Investors have grown skeptical about the database software vendor’s ability to open more server farms for ChatGPT operator OpenAI, which agreed in September to spend more than $300 billion with Oracle.

Earlier this month, Oracle reported weaker-than-expected quarterly revenue and free cash flow. On the earnings call, newly appointed finance leader Doug Kehring called for $50 billion in fiscal 2026 capital expenditures, 43% higher than the plan in September and double the total from a year earlier. Additionally, Oracle is plotting $248 billion in leases to boost cloud capacity, on top of building data centers.
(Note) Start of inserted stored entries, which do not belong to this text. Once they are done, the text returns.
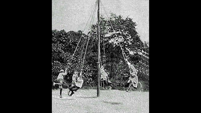 Soeur Supérieure parle aussi du «pas de géant». Le pas-de-géant était un jeu extérieur où les participants, suspendus à une poignée ou un anneau métallique accroché au bout d'une chaine ou une corde, s'élançaient en courant pour tournoyer autour du mât central, de sorte qu'ils étaient soulevés pour quelques pas par la force centrifuge, mais revenaient ensuite vers le sol, y poussaient alors par les pieds pour remonter sans cesse. On appelait ce jeu «pas-de-géant» parce qu'ils pouvaient parcourir une bonne enjambée (équivalant à plusieurs pas) avant de redescendre. D'où le nom de «pas-de-géant».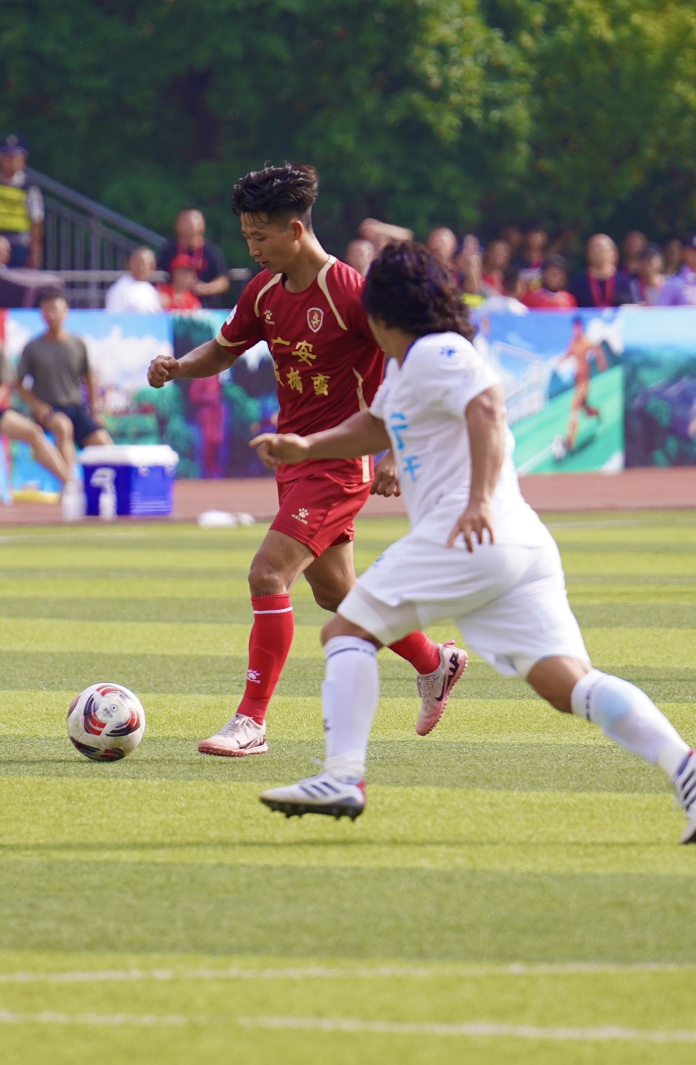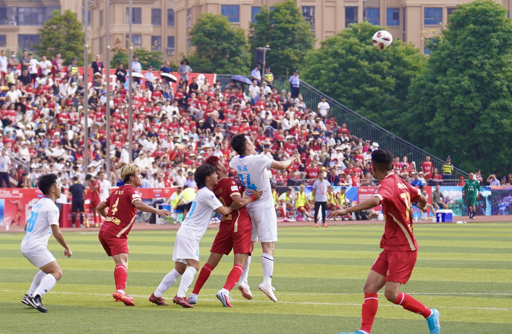 “拿下3分!拿下3分!”随着裁判员哨声响起,广安板楯蛮队8号队员谭严杰在角球区抬脚抽射,足球精准飞至球门上空。在全场球迷注视下,广安4号队员陈俊杰迅速起跳,头球破门。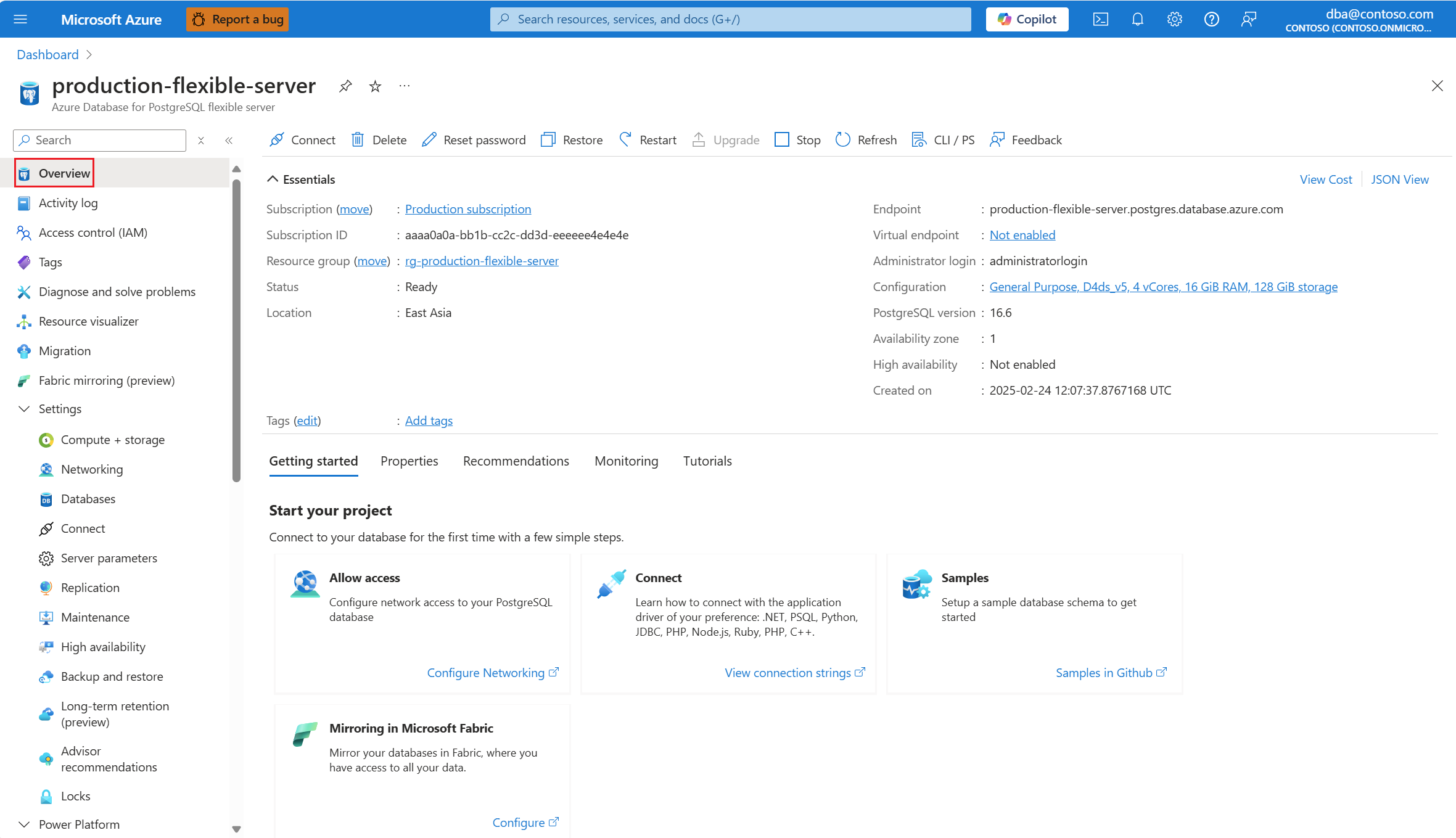 - Na página Visão geral do servidor, copie o nome do servidor totalmente qualificado. O nome do servidor totalmente qualificado é sempre do formato <my-server-name.postgres.database.azure.com>.

Such growth will require boatloads of debt. In September, Oracle raised $18 billion in a jumbo bond sale, one of the largest debt issuances on record in the tech industry. Kehring committed on the earnings call to keeping Oracle’s investment-grade debt rating. But some skeptical investors are betting otherwise, pushing up the prices of Oracle’s credit default swaps.

“Considering Oracle is already barely hanging on to an investment grade rating, we would be concerned about Oracle’s ability to live up to these obligations without restructuring its OpenAI contract,” analysts at D.A. Davidson wrote in a note to clients on Dec. 12. They have the equivalent of a hold rating on the stock.